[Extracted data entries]
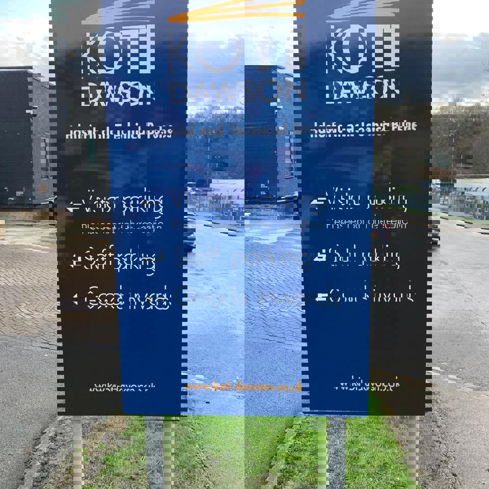 Koti Dawson required a signage update to co-inside with the company's current branding more accurately. The client had a vision of a new fascia sign along with some smaller signs all incorporating Koti Dawson’s logo and colours. The overall goal was to modernize and improve visibility.
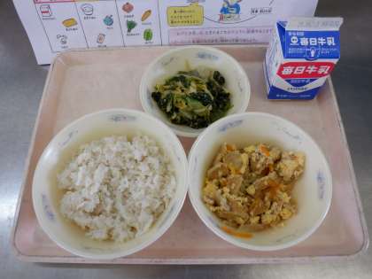麦ごはん 牛乳 あげたま煮 ほうれん草と白菜のごま煮 です。
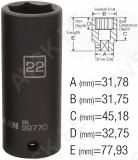 Kroom-vanaadium terasest sepistatud ja termiliselt töödeldud pikk löökpadrun professionaalseks kasutamiseks rehvitöökodades. Kaetud musta. roostekindla oksiidi kihiga. Padrunil lasergraveeritud mõõt. 6-kant profiil tagab kontakti külgedelt. mitte nurkadest hoides ära poldi/pea/mutri nurkade ümaraks kulumise.
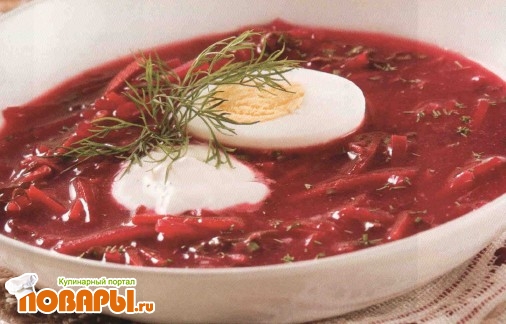 При подаче разлейте свекольник в тарелки, положите по половинке вареного яйца, оставшуюся сметану и укроп.
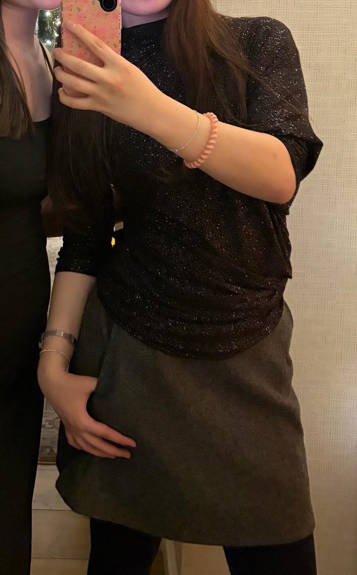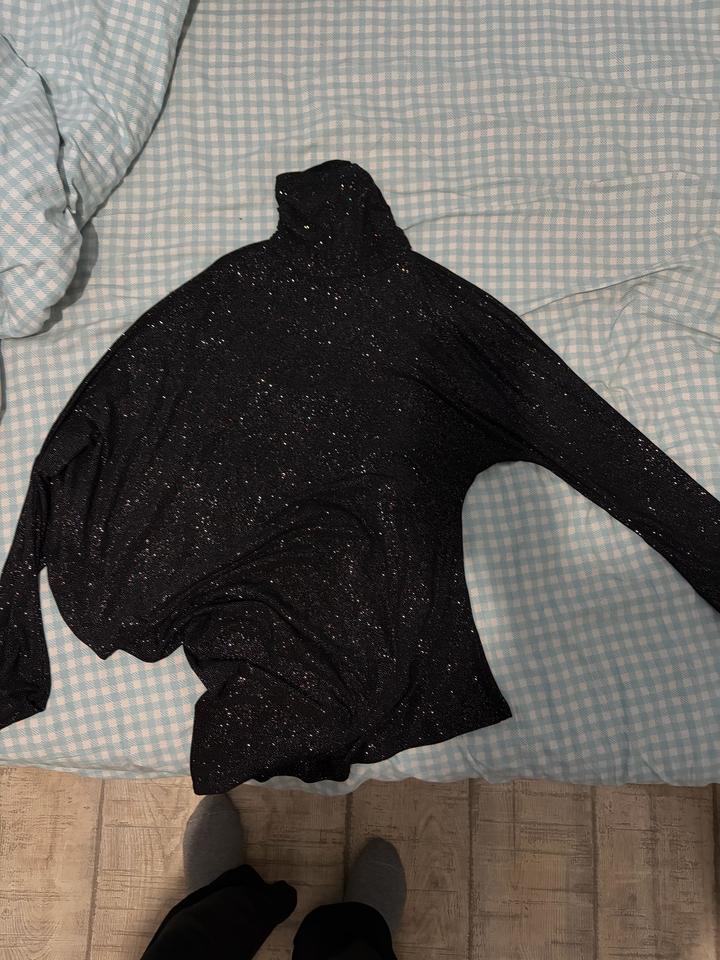 Блестящая необычная кофта. Одна сторона под рукавами висит а другая облегает более.носила один раз.размер M-L Артикул: 481520
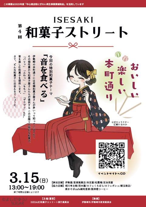 群馬県伊勢崎市 3/15(日)に開催されました、 第4回「ISESAKI和菓子ストリート」の イベント用キャラクターデザイン&立ち絵イラスト制作をさせていただきました。 ・画像のキャラクターイラスト部分を担当 他にも和服姿の女性キャラクター10点ほど制作
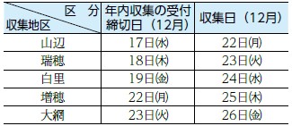 ■年末年始の粗大ごみ戸別収集電話受付および自己搬入日程
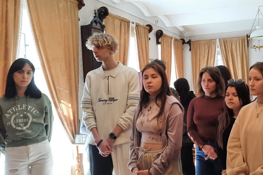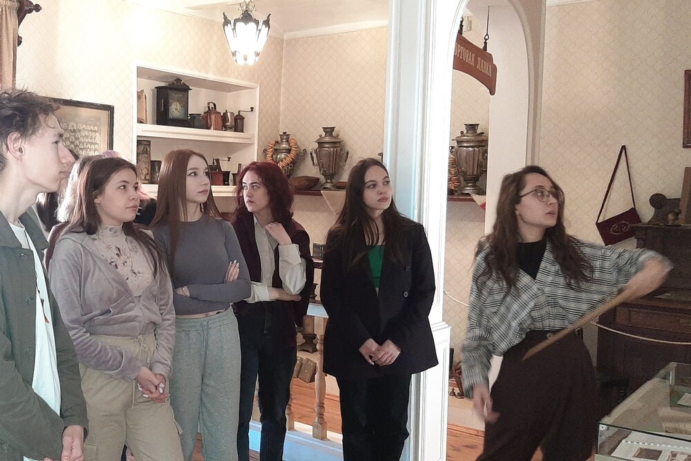 Кроме того, студентов познакомили с традициями купеческого быта. Самыми нарядными комнатами были столовая и гостиная, где купцы проводили вечера за музицированием, чтением книг, играми.
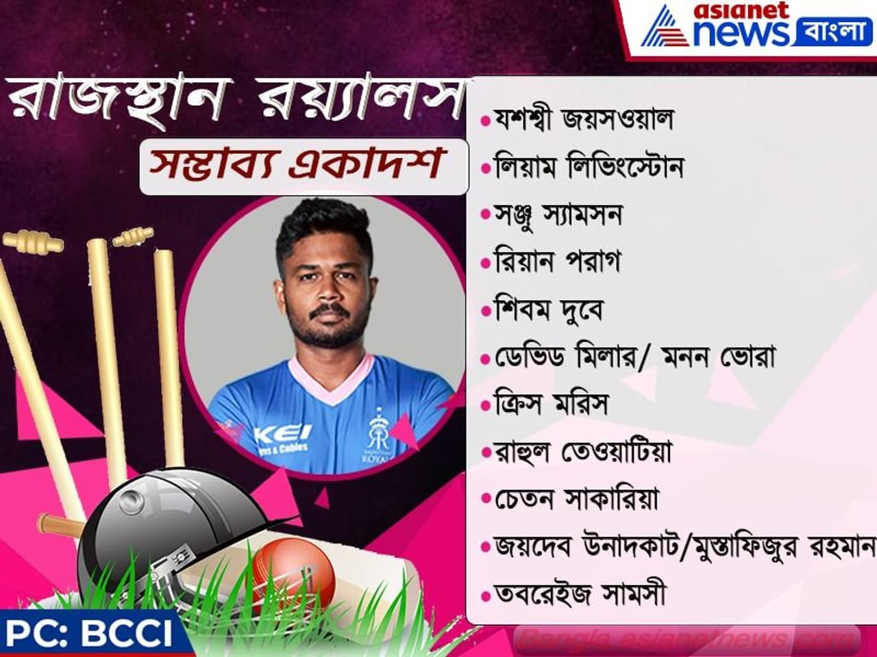 আজকের ম্যাচে দুই দলের একদশ কী হতে পারে তা নিয়ে কৌতুহল রয়েছে ক্রিকেট প্রেমিদের মধ্যে। বিশেষ করে রাজস্থান রয়্যালসের ক্ষেত্রে। কারণ একাধিক তারকা প্লেয়ারকে মরুদেশে পাচ্ছে না রয়্যালসরা। সেই তালিকায় বেন স্টোকস, জস বাটলার ও জোফ্রা আর্চারদের মতো তারকা। তাদের পরিবর্তে একাধিক প্লেয়ার দলে নিয়ে রাজস্থান রয়্যালস। আজকের ম্যাচে রাজস্থানের ব্যাটিং লাইনে থাকতে চলেছে, যশশ্বী জয়সওয়াল, লিয়াম লিভিংস্টোন, সঞ্জু স্যামসন, রিয়ান পরাগ, শিবম দুবে, ডেভিড মিলার/ মনন ভোরা। অলরাউন্ডারের ভূমিকায় থাকছেন ক্রিস মরিস ও রাহুল তেওয়াটিয়া। বোলিং লাইনে থাকছেন চেতন সাকারিয়া, জয়দেব উনাদকাট/মুস্তাফিজুর রহমান, তবরেইজ সামসী।
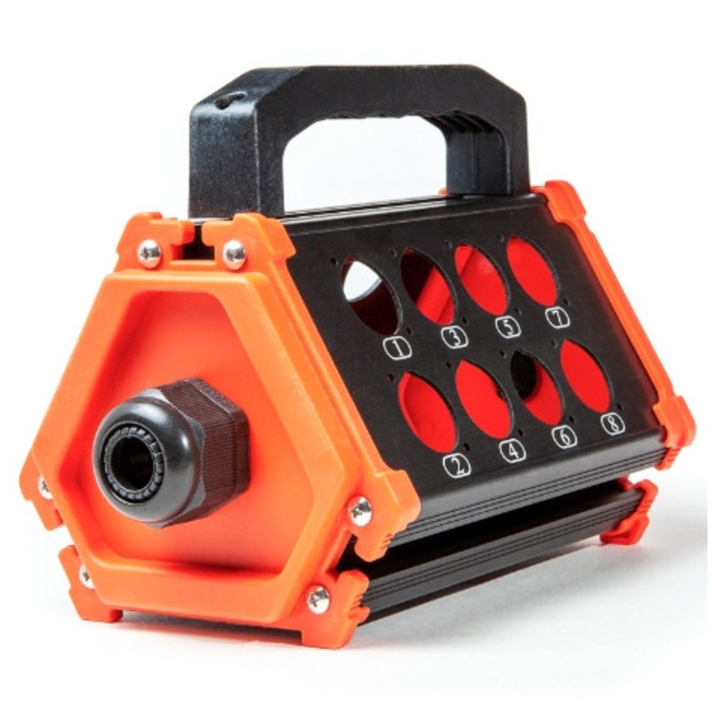 Короб сценический "треугольный", 16 пронумерованных отверстий под разъемы с фланцем "D" типа, рукоятка для переноски, материал -  алюминий/пластик
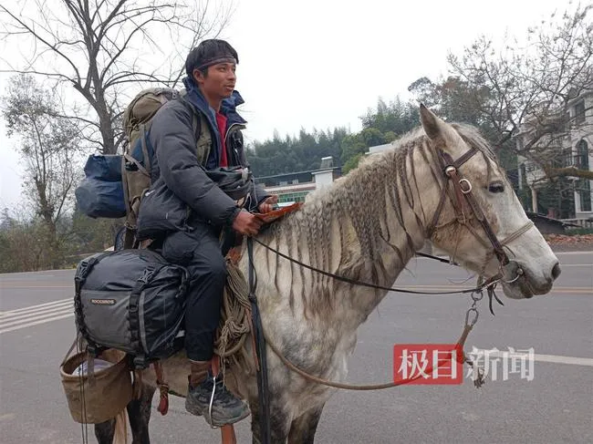 1月15日,重慶梁平區聚奎鎮順安村,29歲的樂曉雲騎着他的青驄馬沿着國道前進。
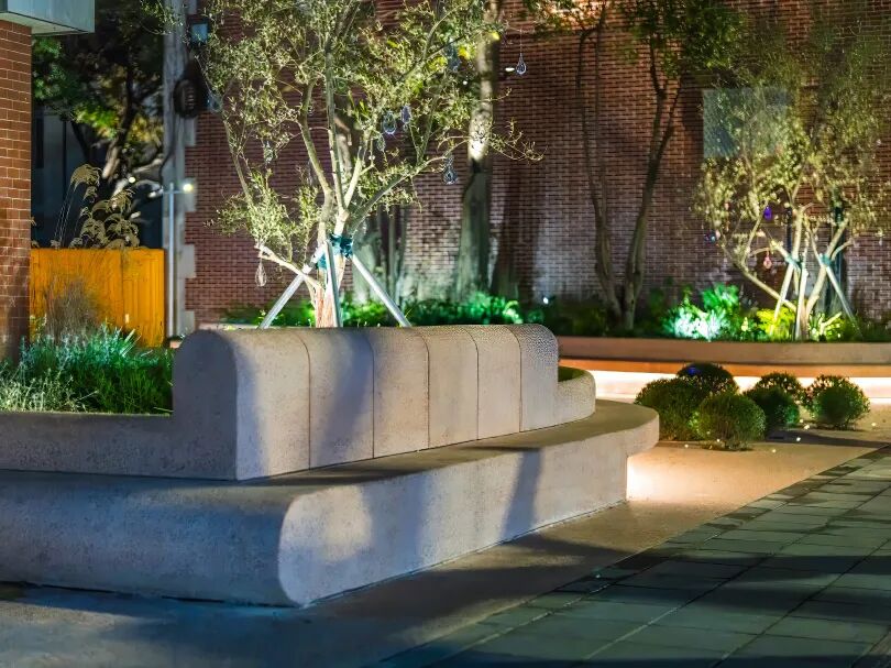 项目拆除了实体围栏,采用绿篱、低矮花坛等生态柔性方式界定空间,实现视觉与步行的双重贯通,将绿地与城市街道网络无缝衔接。同时增设景观座椅,为周边居民和访客提供午休放松、社交会友的舒适场所。

**Work to complete:**
Set down the entries above exactly; no pictures belong in the copy.

**Output of the exercise:**
 Koti Dawson required a signage update to co-inside with the company's current branding more accurately. The client had a vision of a new fascia sign along with some smaller signs all incorporating Koti Dawson’s logo and colours. The overall goal was to modernize and improve visibility.
麦ごはん 牛乳 あげたま煮 ほうれん草と白菜のごま煮 です。
 Kroom-vanaadium terasest sepistatud ja termiliselt töödeldud pikk löökpadrun professionaalseks kasutamiseks rehvitöökodades. Kaetud musta. roostekindla oksiidi kihiga. Padrunil lasergraveeritud mõõt. 6-kant profiil tagab kontakti külgedelt. mitte nurkadest hoides ära poldi/pea/mutri nurkade ümaraks kulumise.
 При подаче разлейте свекольник в тарелки, положите по половинке вареного яйца, оставшуюся сметану и укроп.
 Блестящая необычная кофта. Одна сторона под рукавами висит а другая облегает более.носила один раз.размер M-L Артикул: 481520
 群馬県伊勢崎市 3/15(日)に開催されました、 第4回「ISESAKI和菓子ストリート」の イベント用キャラクターデザイン&立ち絵イラスト制作をさせていただきました。 ・画像のキャラクターイラスト部分を担当 他にも和服姿の女性キャラクター10点ほど制作
 ■年末年始の粗大ごみ戸別収集電話受付および自己搬入日程
 Кроме того, студентов познакомили с традициями купеческого быта. Самыми нарядными комнатами были столовая и гостиная, где купцы проводили вечера за музицированием, чтением книг, играми.
 আজকের ম্যাচে দুই দলের একদশ কী হতে পারে তা নিয়ে কৌতুহল রয়েছে ক্রিকেট প্রেমিদের মধ্যে। বিশেষ করে রাজস্থান রয়্যালসের ক্ষেত্রে। কারণ একাধিক তারকা প্লেয়ারকে মরুদেশে পাচ্ছে না রয়্যালসরা। সেই তালিকায় বেন স্টোকস, জস বাটলার ও জোফ্রা আর্চারদের মতো তারকা। তাদের পরিবর্তে একাধিক প্লেয়ার দলে নিয়ে রাজস্থান রয়্যালস। আজকের ম্যাচে রাজস্থানের ব্যাটিং লাইনে থাকতে চলেছে, যশশ্বী জয়সওয়াল, লিয়াম লিভিংস্টোন, সঞ্জু স্যামসন, রিয়ান পরাগ, শিবম দুবে, ডেভিড মিলার/ মনন ভোরা। অলরাউন্ডারের ভূমিকায় থাকছেন ক্রিস মরিস ও রাহুল তেওয়াটিয়া। বোলিং লাইনে থাকছেন চেতন সাকারিয়া, জয়দেব উনাদকাট/মুস্তাফিজুর রহমান, তবরেইজ সামসী।
 Короб сценический "треугольный", 16 пронумерованных отверстий под разъемы с фланцем "D" типа, рукоятка для переноски, материал -  алюминий/пластик
 1月15日,重慶梁平區聚奎鎮順安村,29歲的樂曉雲騎着他的青驄馬沿着國道前進。
 项目拆除了实体围栏,采用绿篱、低矮花坛等生态柔性方式界定空间,实现视觉与步行的双重贯通,将绿地与城市街道网络无缝衔接。同时增设景观座椅,为周边居民和访客提供午休放松、社交会友的舒适场所。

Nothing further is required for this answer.